The problem is that Rocky is barking from fear/nerves/anxiety/whatever you want to call it. I _really_ don't want Kopper to learn that when somebody comes to the door or walks in the yard, we bark uncontrollably and don't shut up, but I'm afraid that's what he'll learn from Rocky's nervous/anxious barking.


----------



## onyx'girl (May 18, 2007)

Kacie and Onyx are way more reactive than Karlo. He does not bark when they do...different thresholds and temperaments. He does bark now and then but not nilly willy like they do and when I say quiet, he obeys, because of his biddability.
Hopefully Kopper will show the same as Karlo!


----------



## krystyne73 (Oct 13, 2010)

I would pick the worst barker and correct them, the others will follow. I started this at home because all 4 dogs were barking at the window when people rang the bell or running outside to bark at the fence. My trainer said to "claim the spot" and tell them No or leave it or some trigger word. It took about 2 wks and my dogs have mellowed out a lot. It's actually crazy quiet now, very nice.


----------



## doggiedad (Dec 2, 2007)

i taught my dog "quiet" and "no barking".
my dog stops barking on either command.


----------



## Rott-n-GSDs (Jul 7, 2010)

Can you redirect with a treat and another command?

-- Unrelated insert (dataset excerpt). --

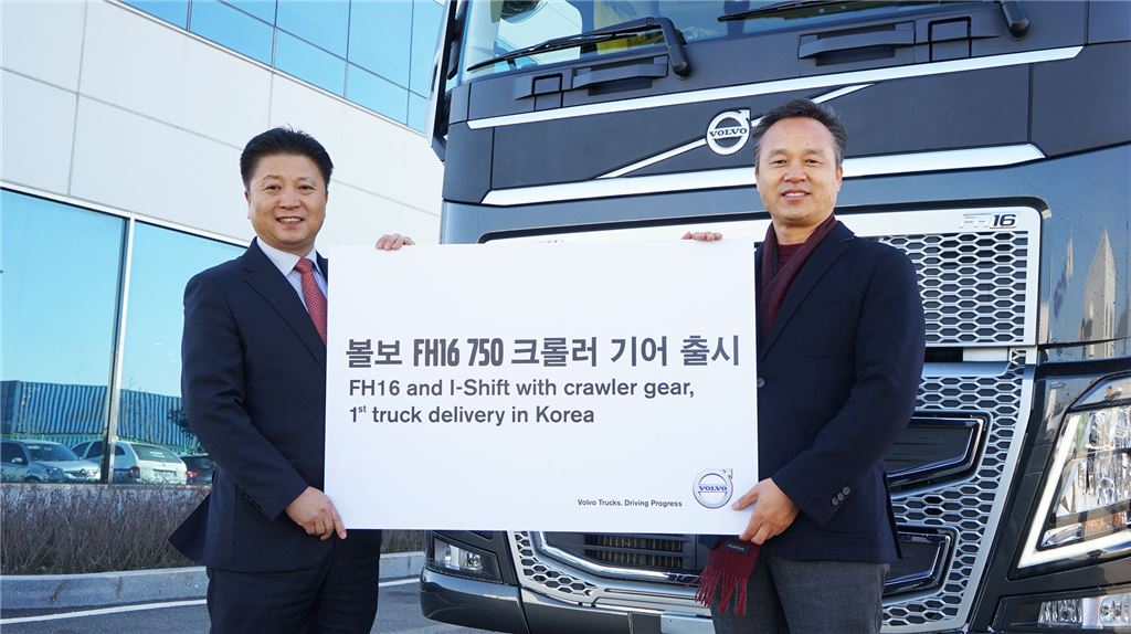 볼보트럭코리아는 27일 볼보트럭 평택종합출고센터에서 크롤러 기어가 장착된 I-쉬프트 자동변속기 1호차 인도식을 가졌다. 김영재 볼보트럭코리아 사장(왼쪽)과 차량을 구매한 정혁호 고객이 기념촬영을 하고 있다. <br />

Give them a "stop barking" command (whatever word you choose), show the treat, and ask for a sit. Give the treat when the dog complies. Repeat as necessary.


----------



## FG167 (Sep 22, 2010)

I use "enough" and when I said it very firmly, he would pause and look to me and I would mark and reward...caught on pretty quickly.


----------



## Stosh (Jun 26, 2010)

When Stosh is inside, he's allowed 2 barks to alert us that someone's coming in the drive, then he has to stop- I also used 'enough'. He soon learned to whisper bark after 2 loud ones, it's really cute.


----------



## cassadee7 (Nov 26, 2009)

This is a good question. Saber likes to bark at her 'friend' (neighbor dog) out the window. It's a friendly bark but omg she barks the whole time he is in his yard unless I stop her. I started out using "leave it" because she knows that already (click & treat when she comes away from the window) but I think I am going to also teach "quiet".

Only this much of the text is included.